И опять у нее защемило сердце. А тут еще пришла от Бернда телеграмма, где он извещал, что наконец-то получил отпуск и в апреле приедет погостить. Насколько можно было понять из шутливого текста телеграммы, Бернд не знал об их разрыве, стало быть, Эрих ничего ему не сообщал. Она тоже избегала в письмах к Бернду малейшего намека на случившееся. Но даже если б она и захотела поставить его в известность, то что бы она могла написать? Что она, да, именно она повинна в страданиях его брата?
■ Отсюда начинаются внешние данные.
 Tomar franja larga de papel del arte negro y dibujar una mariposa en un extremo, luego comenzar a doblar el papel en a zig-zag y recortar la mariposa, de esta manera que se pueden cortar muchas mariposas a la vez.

Она знала, с каким обожанием относится к ней Бернд, как доверяет ей, и потому не смела допустить, чтобы этот жизнерадостный паренек, открытый всему чистому, доброму, так страшно разочаровался в ней, вообще в людях… Он был еще слишком юн, чтобы понимать все сложности, возникающие в отношениях между мужчиной и женщиной. И, наконец, самое главное: перед Берндом она испытывала гораздо больше стыда, нежели перед Эрихом.

Она отправилась на поиски Эриха, прикидывая, где он может быть с наибольшей вероятностью. Едва ли он оставался по вечерам в общежитии — неуютном, навевавшем смертную тоску. Как правило, постояльцы общежитий вечерами расползаются по пивнушкам и кафе, пытаясь найти там хоть какую-то замену домашнему очагу. Стало быть, думала она, придется прочесать все питейные заведения Айзенштадта, не исключая и «Жемчужину Заале», кто знает — хотя, конечно, не дай бог, — вдруг он уже почувствовал себя свободным и ударился в загул?..
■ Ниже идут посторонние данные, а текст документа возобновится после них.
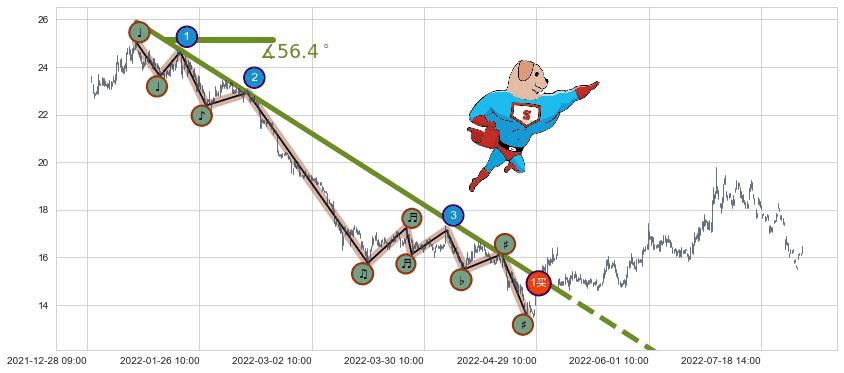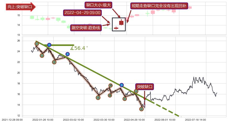 从2022-01-10 14:00至2022-05-09 13:00,共包含374个小时,阶段股价下跌-41.76%,阶段股价变动位移路程比: 1 : 6,下跌趋势角度: 56.4

Однако ее опасения оказались напрасными. Она обнаружила его в буфете Дома культуры, где он тихо-мирно сидел с коллегами, пил пиво и говорил на какие-то свои заводские темы. Взяв за соседним столом свободный стул, Халька, не говоря ни слова, с уверенным видом подсела к ним.
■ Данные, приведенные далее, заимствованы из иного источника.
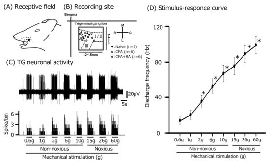 Response properties of trigeminal ganglion (TG) neurons to mechanical stimulation of facial skin. (A) Receptive field of the whisker pad on the facial skin (blackened area). (B) Distribution of TG neurons responding to non-noxious and noxious mechanical stimulation of the facial skin (n = 17) among naïve, CFA-inflamed, and butyrate (BA)-treated CFA-inflamed rats. The inset illustrates an example of TG recording-site identification (2–5 mm posterior to bregma and 1–4 mm lateral to midline). R, rostral; C, caudal; M, medial; L, lateral. Trigeminal nerve branches (I, II, and III). (C) Representative examples of TG neuronal activity evoked by non-noxious (2, 4, 6, 8, and 10 g) and noxious (15, 26, and 60 g) mechanical stimulation of the orofacial skin. Upper trace: TG neuronal activity; lower trace: post-stimulus time histogram. (D) The stimulus–response relationship for SpVc WDR neurons (n = 17). * p < 0.05 for comparison of 0.6 g vs. 2 g, 6 g, 10 g, 15 g, 26 g, and 60 g.

Перед выходом из дому она долго приводила себя в порядок: накрасила ресницы, напудрилась, нарумянилась. Ей хотелось выглядеть красивой. Она и прическу сделала торжественную — так называемую «халу», отчего казалась старше, строже, степеннее.

От нее исходил обольстительный аромат духов и косметики, который был сильнее даже наполнявшего буфет кислого запаха пива. Товарищи Эриха изумленно уставились на Хальку, а один подмигнул ей и свистнул, верно решив, что дамочке захотелось мужского общества.

Эрих, обомлевший при Халькином появлении, не знал, как и быть. Что бы между ними ни произошло, ему было неприятно, что кто-то смотрит на нее сальным взглядом, и потому, пусть не без некоторого усилия над собой, он сказал:

— Познакомьтесь, это моя жена.

— Черт возьми! Кто бы мог подумать! — смущенно пробормотал тот самый парень, что свистел. — Ты уж меня извини, старина. Но и ты нам всем голову заморочил: кто ж селится в общаге среди холостяков, имея такую жену-красавицу?! Ладно уж, не оправдывайся. Топай домой, раз супруга за тобой пришла, а о чем сейчас спорили, потом договорим.

Красный как рак Эрих встал из-за стола и, попрощавшись с ребятами, вместе с Халькой вышел на улицу.

— Нам надо серьезно поговорить, — сказала Халька.

— Что-нибудь случилось?

— Да. Пришла телеграмма от Бернда, он получил отпуск и скоро приедет на побывку. Мы должны решить, что ему скажем, и, вообще, в каком качестве его встретим — разведенными супругами или…

Эрих ничего не ответил, и они пошли по улице молча.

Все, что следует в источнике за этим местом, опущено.